Carbon nanotube device detects genetic mutations

University of Pittsburgh researcher Alexander Star, in collaboration with California-based company Nanomix, Inc., has developed devices made of carbon nanotubes that can detect mutated genes that may cause hereditary diseases.

This approach to detecting gene mutations increases the speed of detection in comparison to conventional techniques. It will also dramatically decrease the cost and inconvenience associated with this type of genetic detection.

“The development of this type of technology will enable label-free detection of mutated DNA sequences,” said Star, an assistant professor of chemistry at the University of Pittsburgh.

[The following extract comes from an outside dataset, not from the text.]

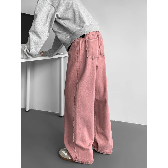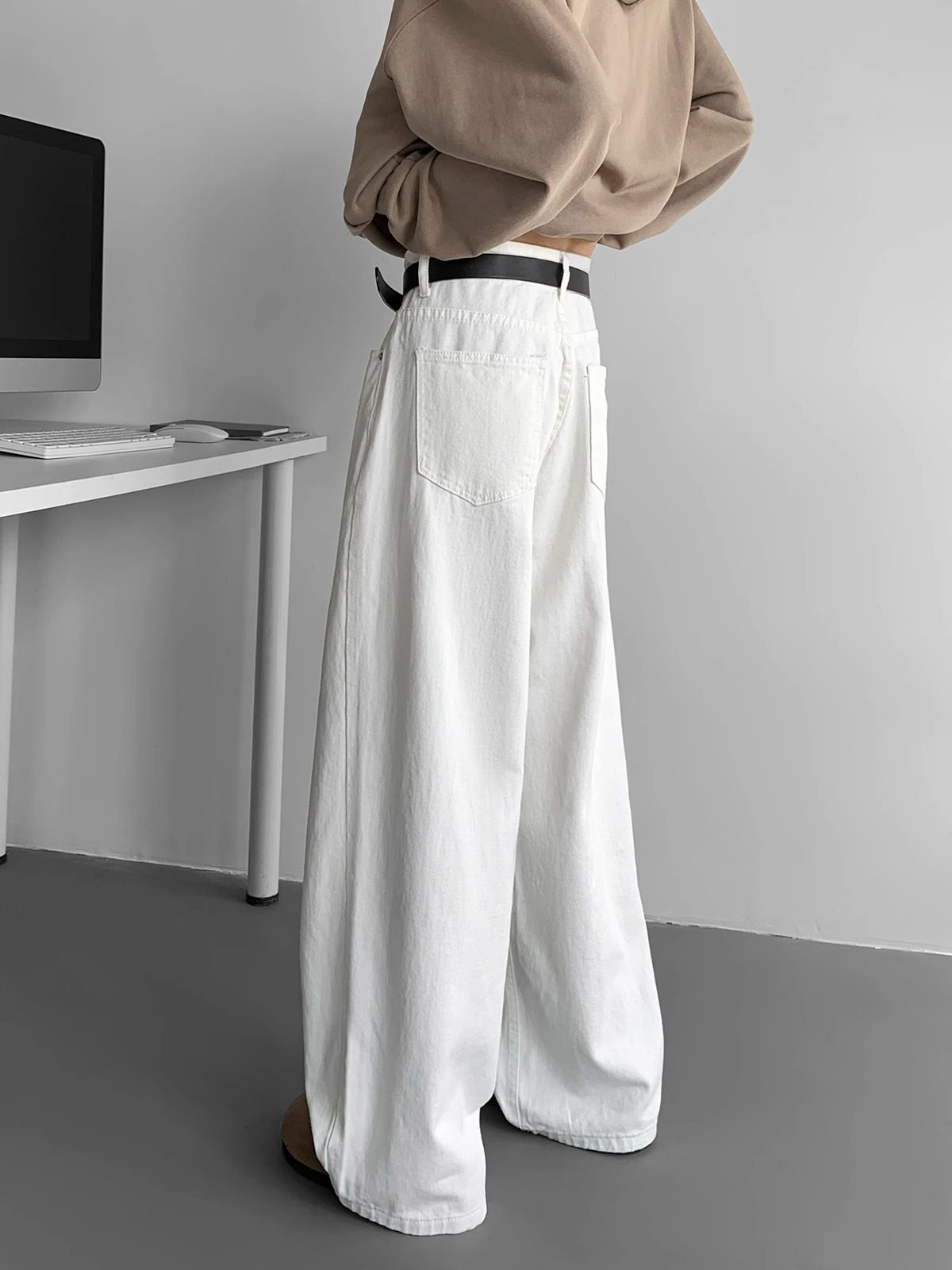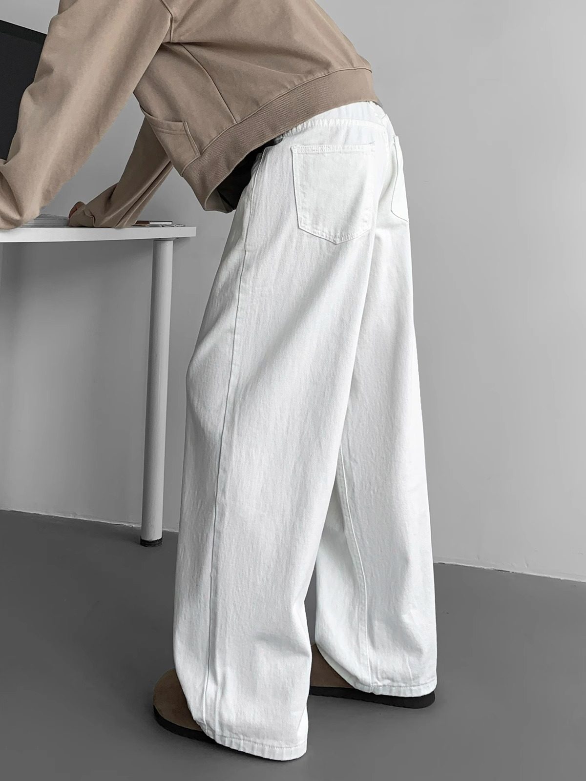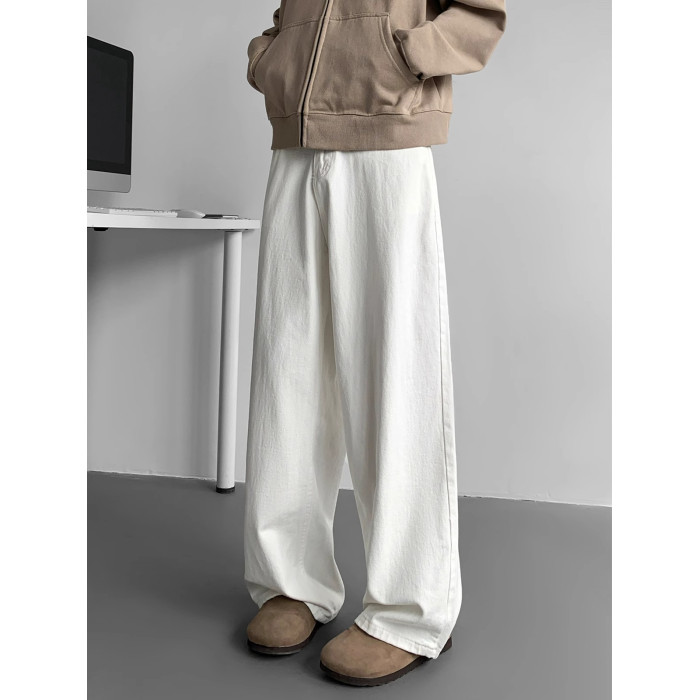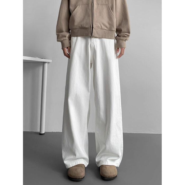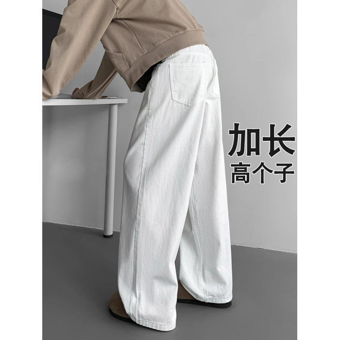 加長白色牛仔褲男高個子純色褲子男士秋季垂感加絨休閒褲大碼寬鬆

Carbon nanotubes are cylindrical carbon molecules with innovative properties that make them potentially useful in a wide variety of applications. These include nano-electronics, optics, and now, detection of genetic mutations, as shown by Star and colleagues. Carbon nanotubes are only a few nanometers wide — they span the width of a molecule of DNA. This makes them highly compatible with DNA, allowing sensitive detection. Carbon nanotubes exhibit extraordinary strength and unique electrical properties, and are efficient conductors of heat.

The carbon nanotube device works by using the nanotubes’ electrical properties to detect unusual mutations in DNA. The device is a network of single-walled carbon nanotubes (SWNTs) deposited onto interdigitated electrodes. They are used to make conductance measurements. DNA sequences bind to the surface of the SWNTs; hybridization — the matching of DNA to its complementary strands — is electronically measured by changes in conductivity. “Simply put, healthy DNA and mutated DNA will give different electronic responses when hybridization occurs,” Star said.

The nanotube device was used to find a particular mutation in hereditary hemochromatosis, an inherited disorder that increases the amount of iron that the body absorbs from the gut. The iron is then deposited in excess in a variety of organs. Most commonly, excess iron in the liver causes cirrhosis, which may develop into liver cancer. Iron deposits in the pancreas can result in diabetes.

The nanotube device will be able to detect many other kinds of disease-related genes. “This type of technology will help in the detection of any single-gene genetic disorder, for example cystic fibrosis,” Star said. Cystic fibrosis is the number-one genetic killer among children and young adults, affecting one out of every 3000 children born.

Star was able to verify that his new device worked by detecting signature electronic responses when testing DNA. Fluorescent microscopy was also used to determine if DNA had attached to the nanotube surfaces and was successfully matched to its complementary DNA. “Normal, healthy DNA was fluorescently tagged, and when it binds [to the nanotube] it can be seen with a fluorescent microscope,” said Star. The electronic signal of the normal and mutated DNA can be corroborated with the presence or absence of a fluorescent signal.

The development of this type of technology holds many promises. “This type of SWNT technology will enable the development of handheld devices that will enable home testing, which will eliminate the need for time-consuming visits to doctors requiring specialized equipment and techniques,” said Star.

Star’s research was supported in part by the National Science Foundation’s Small Business Innovation Research program.